Lewis structures are structural formulas for molecules and polyatomic ions that represent all valence electrons. Since valence electrons are typically represented as dots, these structural formulas sometimes are called Lewis dot stutctures. Here we present some examples of how to draw Lewis structures. The general rules for drawing Lewis structures are given below.
Example 1. Water. The formula for water is H2O. Counting valence electrons yields eight total (six from oxygen, one each from the two hydrogens). Hydrogen is special since it can only accommodate a duet, and therefore can form at most one bond. Atoms that can only form one bond must be terminal (or peripheral) atoms in the structure.
The skeletal structure for water must be H O H, and not H H O, even though hydrogen has lower electronegativity than oxygen (compare this case to that of N2O, which follows a general rule that less electronegative atoms tend to be central atoms in Lewis structures). H Cation Lewis Structure Pogil
In panel (a), the skeletal structure for water is shown with the atoms represented by their Lewis symbols. The eight total valence electrons are explicitly represented. In (b) we allow single electrons - one each from hydrogen and oxygen - to form a bonding pair between the nuclei. In (c), we have replaced both bonding pairs with a line (or dash) to symbolize the covalent bond formed between the atoms by the bonding electron pair. Note that oxygen is surrounded by an octet of electrons, satisfying the octet rule. We have drawn a valid Lewis structure for water.

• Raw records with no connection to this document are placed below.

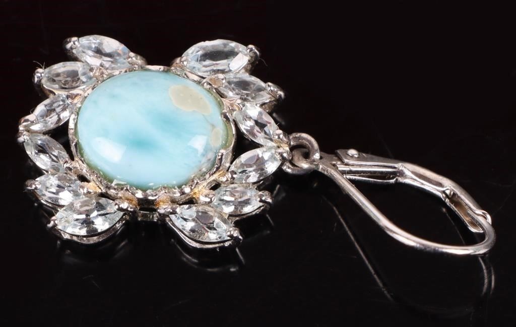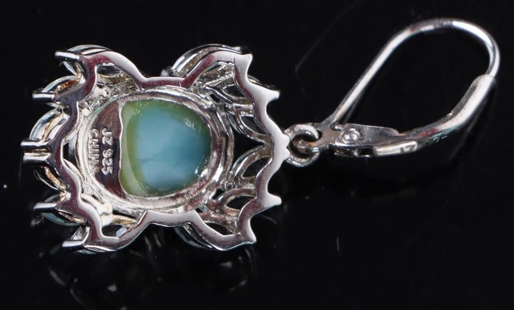 3ct blue Larimar & amp; quarts sterling silver dangle earrings.
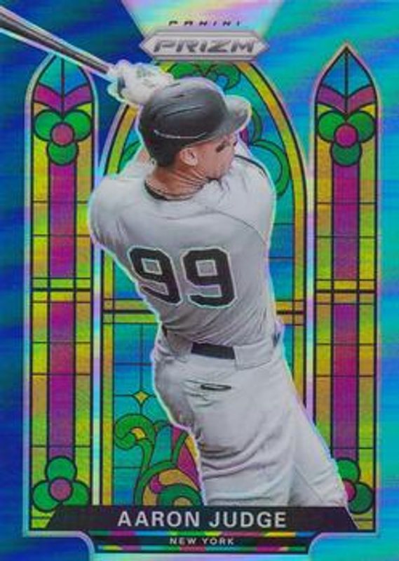 The Aaron Judge 2021 Prizm #SG-5 Stained Glass Nave Blue-Carolina Blue - Carolina Blue card is 1 of 104 Aaron Judge's card variations in the 2021 Prizm set being tracked by Sports Card Investor, including Base, Blue, Blue Velocity, Carolina Blue, and Cosmic Haze.
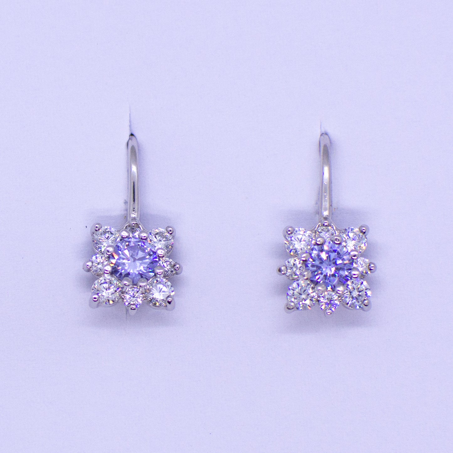 Silver CZ Square Halo Drop Earrings - Created Light Amethyst - German Wires
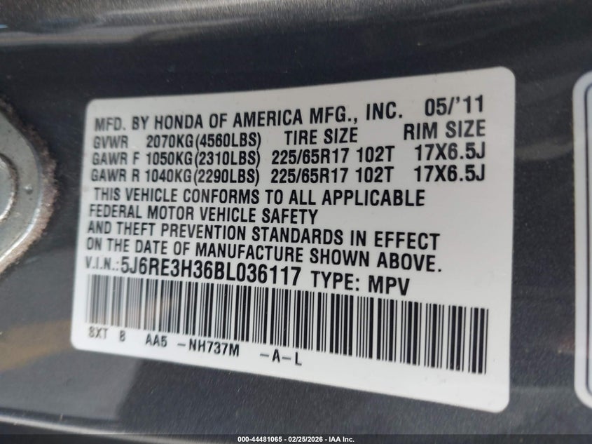 • 5J6RE3H36BL036117
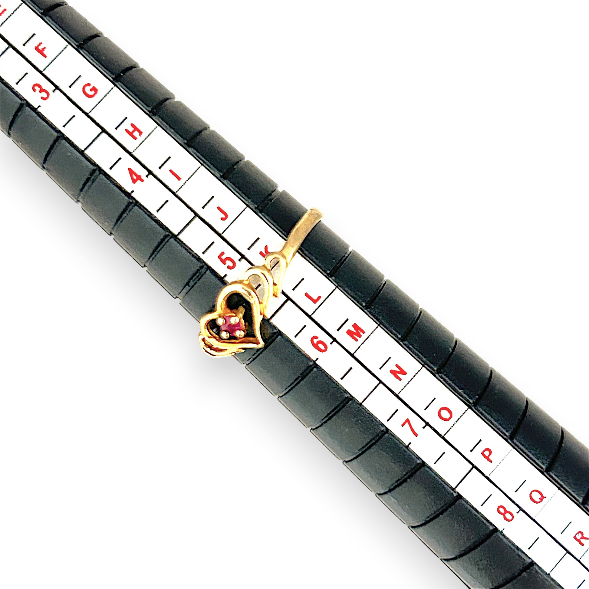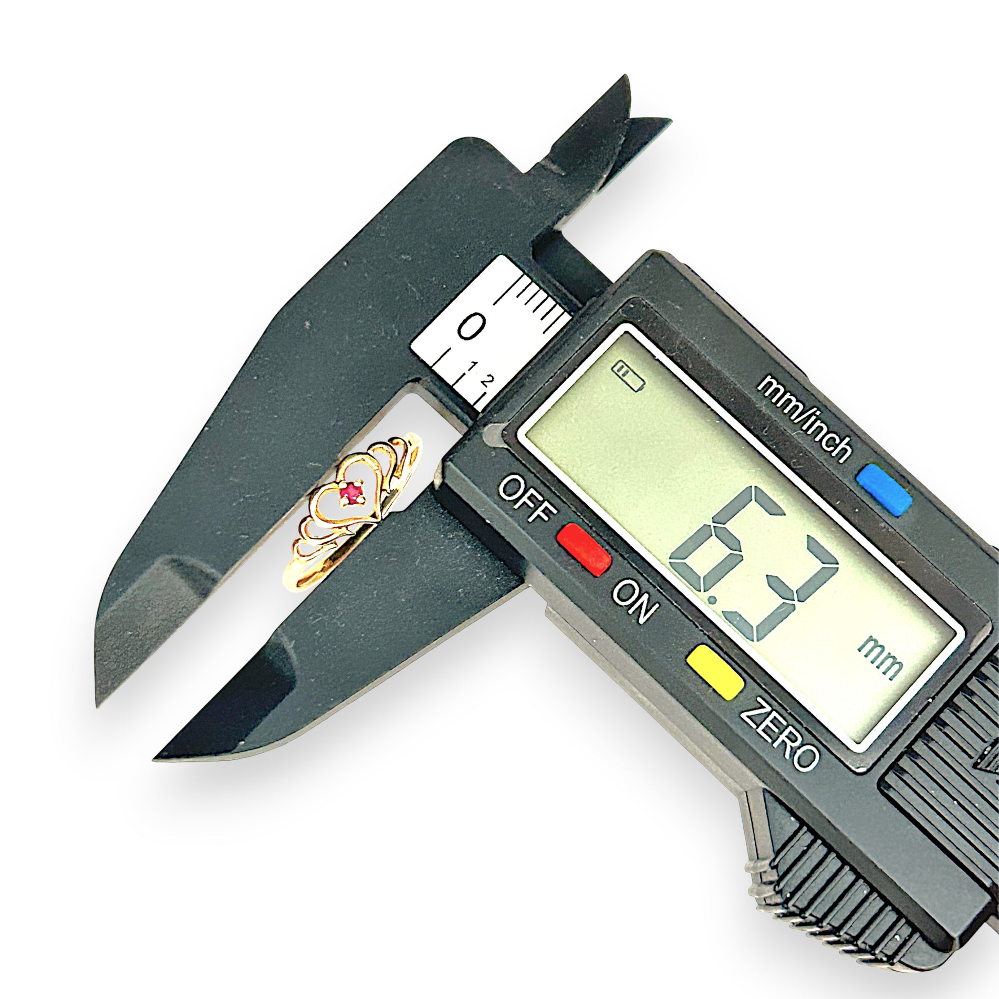 Romantic and radiant, this 9ct gold ring features a central heart adorned with a reddish-pink ruby, its warm glow evoking passion and tenderness. Flanked by two delicate heart outlines, the design forms a graceful trio that symbolizes love in all its forms—past, present, and future. The polished gold band adds timeless elegance, making this piece a heartfelt gift or a charming personal keepsake.
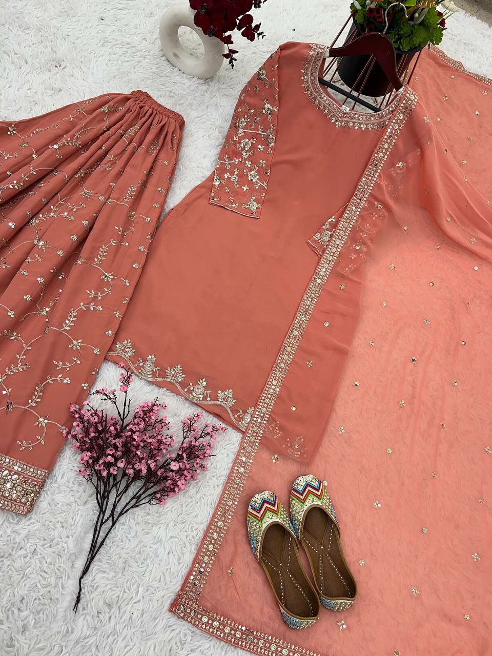 Heavy Faux Georgette With 5mm Embroidery Sequence Work With Full Sleeve Kurti Set
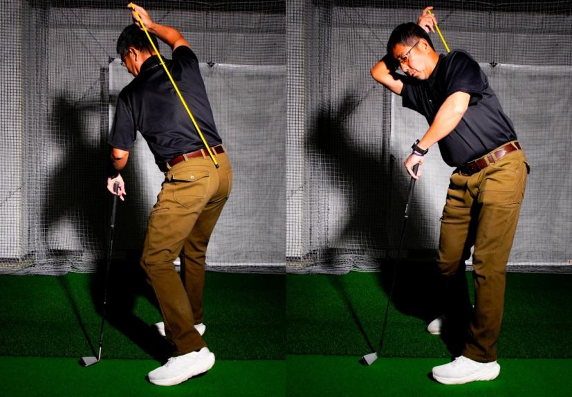 「みなさんは『スイング軸』と言われてどこをイメージするでしょうか? だいたい背骨をイメージするのではないでしょうか? そうですね、イメージは背骨でいいと思います」(合田)
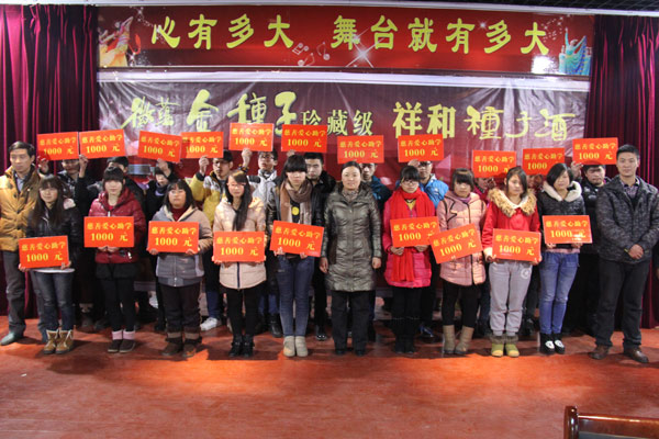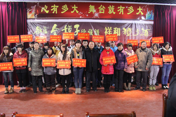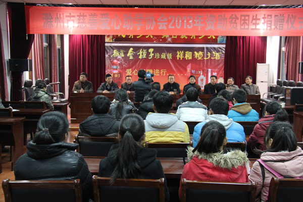 1月16日下午,由滁州市慈善爱心助学协会与祥和金种子酒业共同携手来到乌衣中学,联合举办资助2013年贫困学生捐赠大会。慈善爱心助学协会的参会领导有会长李晓秋,副会长王学山、张春林、宋家明,副秘书长白礼华、黄平一。祥和金种子酒业的参会领导有总经理孙宗培,大区杨经理等。乌衣中学和南谯区邵区长等共同做了热情接待。 首先,邵长玲副区长代表区政府向前来捐赠的爱心人士表示衷心的感谢和崇高的敬意。希望受助学生能够做到自尊、自信、自立、自强,能够把党和政府的关心,社会各界人士的关爱转化为努力学习,早日回馈社会的一种动力。随后,李晓秋主席也发表了讲话,他用多个鲜活的事例做生动的教材,激励同学们勇敢地面对生活中的各种挫折。并希望同学们牢记,只要开始努力,永远都不晚;只有努力,才能成功的道理。祥和金种子酒业的杨经理也作了重要讲话,表示要多做善事,回馈社会。 最后,与会领导向23名受助学生现场发放了每人1000元的爱心款,并合影留恋。其中10名学生由祥和金种子酒业直捐。

Example 2. Dinitrogen monoxide (Nitrous oxide, N2O). Since either N or O can serve as a central atom, in choosing a skeletal structure we use the rule that the least electronegative atom be placed in the middle.

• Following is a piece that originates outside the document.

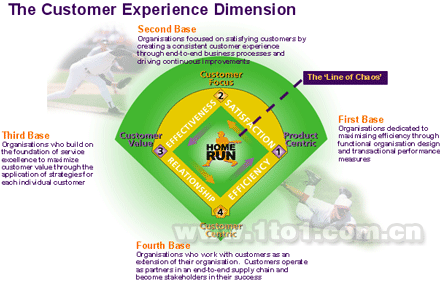 每个层次都代表企业从以产品为中心到真正的以客户为中心的道路上的一个里程碑,同时也代表着为大多数企业所忽视的客户体验维度。Round以其闻名于世的棒球模型向我们展示了这个历程。
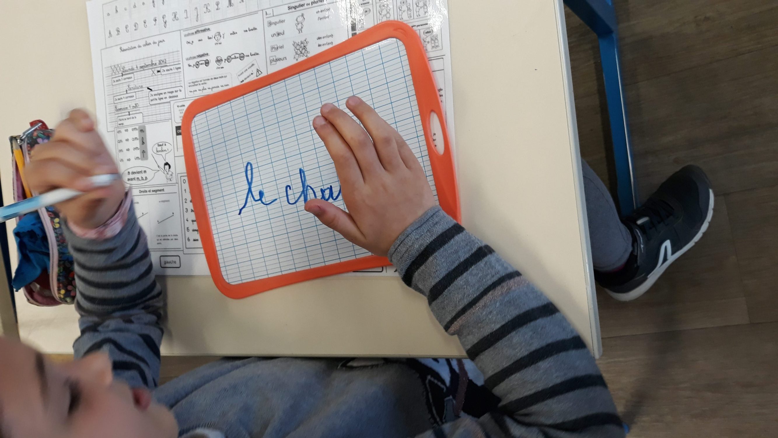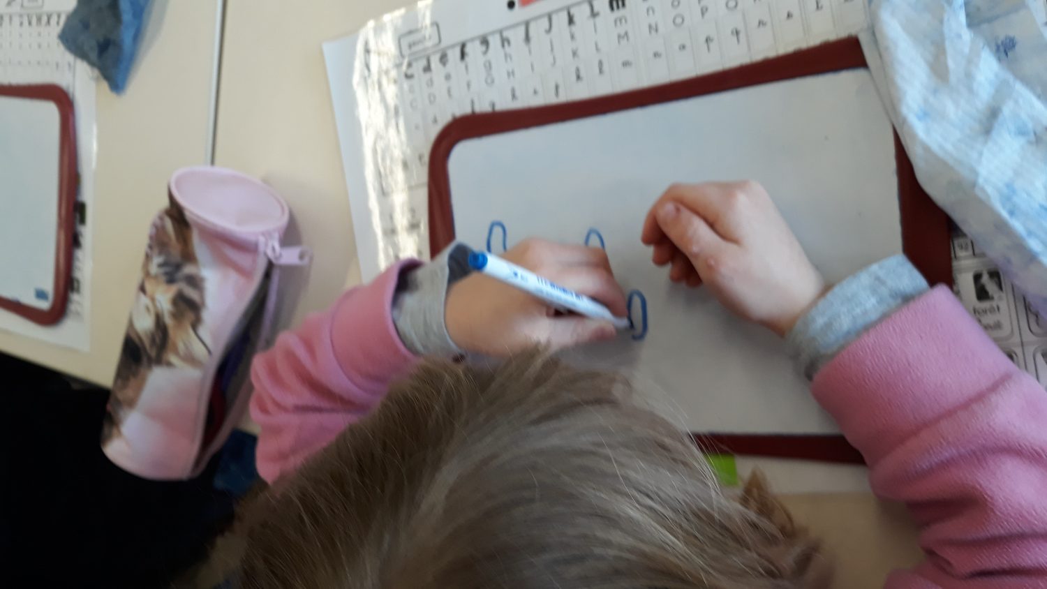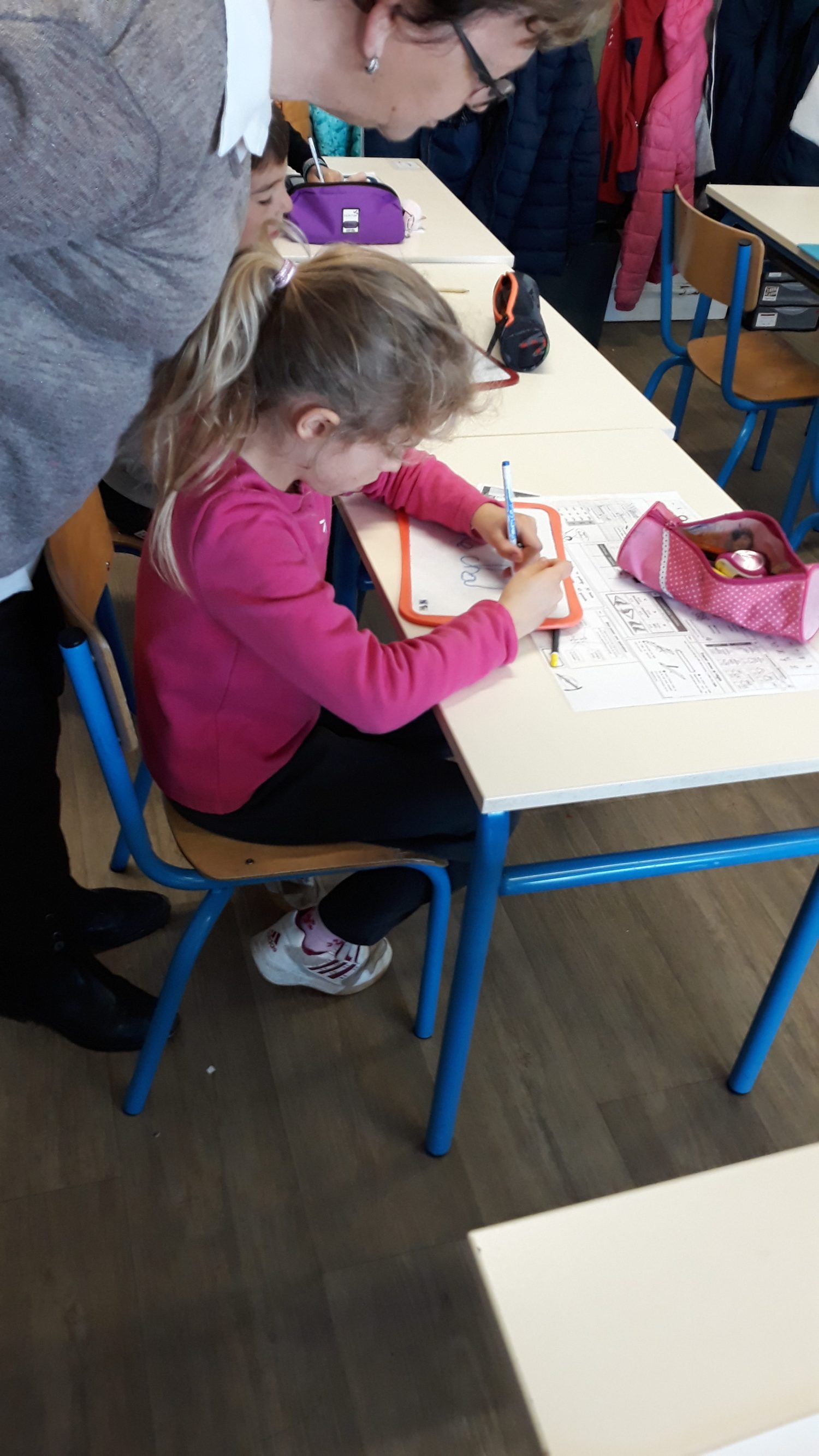 Les enfants ont eu beaucoup de mal à tenir correctement leur crayon! Nous avons continué l’entraînement l’après-midi et avant la récréation je leur ai proposé d’écrire les mots: saumon, truite et poisson d’avril!!!

Having the appropriate skeletal structure and correct count of valence electrons, the goal is to place the electrons in bonds or lone pairs so that each atom has an octet of electrons. The figure at left shows a procedure for generating candidate structures by moving electrons singly, or in pairs, starting with the Lewis symbols for the elements. Since N and O are both Period 2 elements, no atom can exceed an octet. In this case, it is possible to draw three valid Lewis structures.

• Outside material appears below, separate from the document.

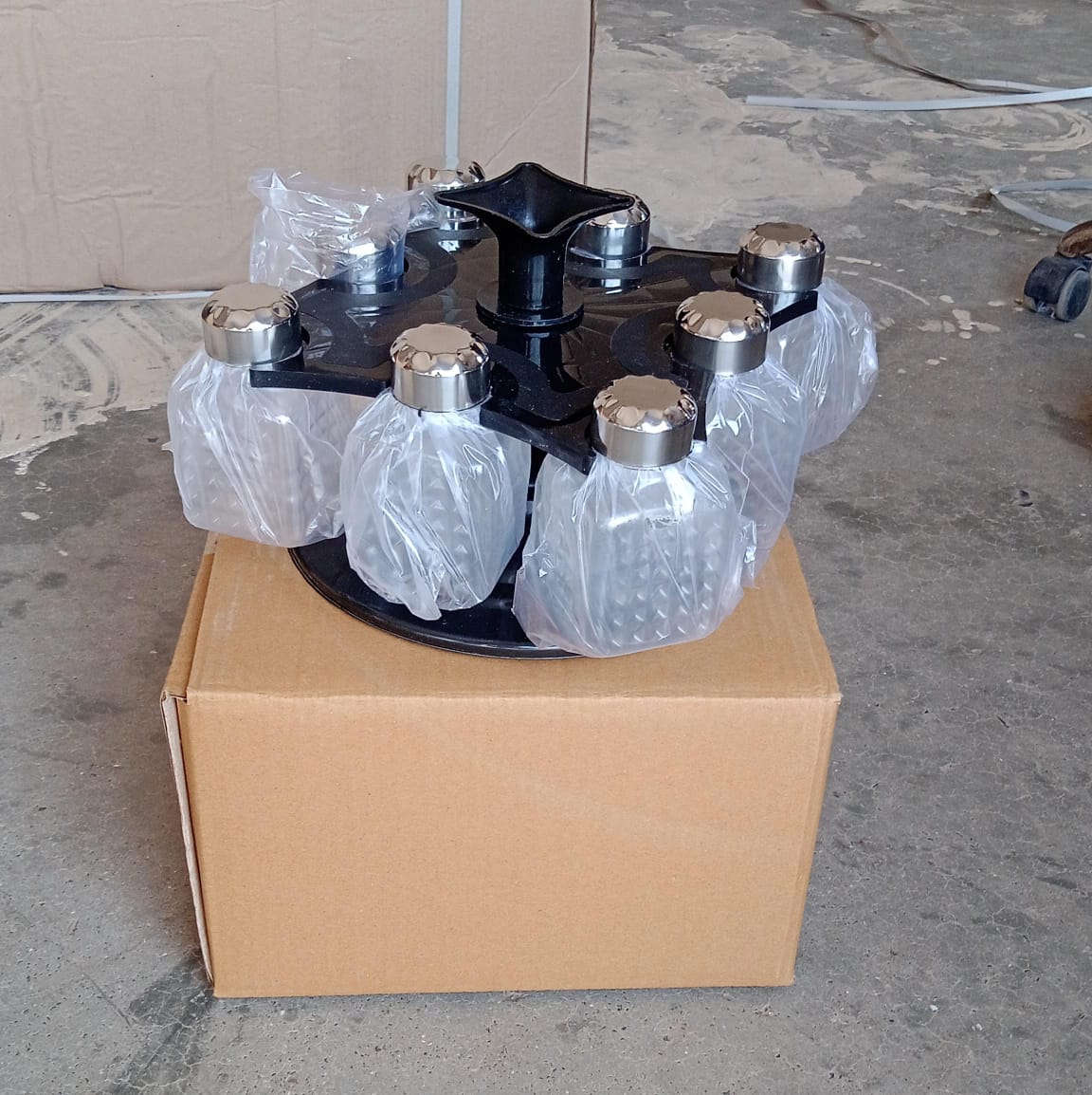 5502 All New Square 8 Bottle Design 360 Degree Revolving Spice Rack Container Condiment Pieces Set Square Small Container

These three valid Lewis structures for dinitrogen monoxide are known as non-equivalent resonance structures. As an assessment tool, formal charge assignments can be used to predict the relative contributions of the resonance forms to the resonance hybrid, which represents a more realistic conception of the electron distribution within the molecule.
Example 3. Acetic acid (C2H4O2). There are cases where even for very simple molecules there are several chemically plausible skeletal structures. For structures of larger molecules, in which more than one atom is joined to two or more atoms, there is no longer a unique central atom, and the probability of encountering isomers dramatically increases. In order to draw the Lewis structure for a given isomer, more information about the skeletal structure is necessary. Such is the case for most organic molecules, those containing primarily carbon, hydrogen, and oxygen, with other elements such as nitrogen, sulfur, and phosphorous also common in molecules of biological importance. An example is acetic acid, an important example of a weak acid. For acetic acid, the skeletal structure is centered on a chain of atoms bonded together as C C O. The first carbon atom uses its three remaining valence electrons to form bonds to three of the four hydrogens. To the second carbon atom is attached another oxygen atom. Finally, the remaining hydrogen atom attaches to one of the oxygen atoms.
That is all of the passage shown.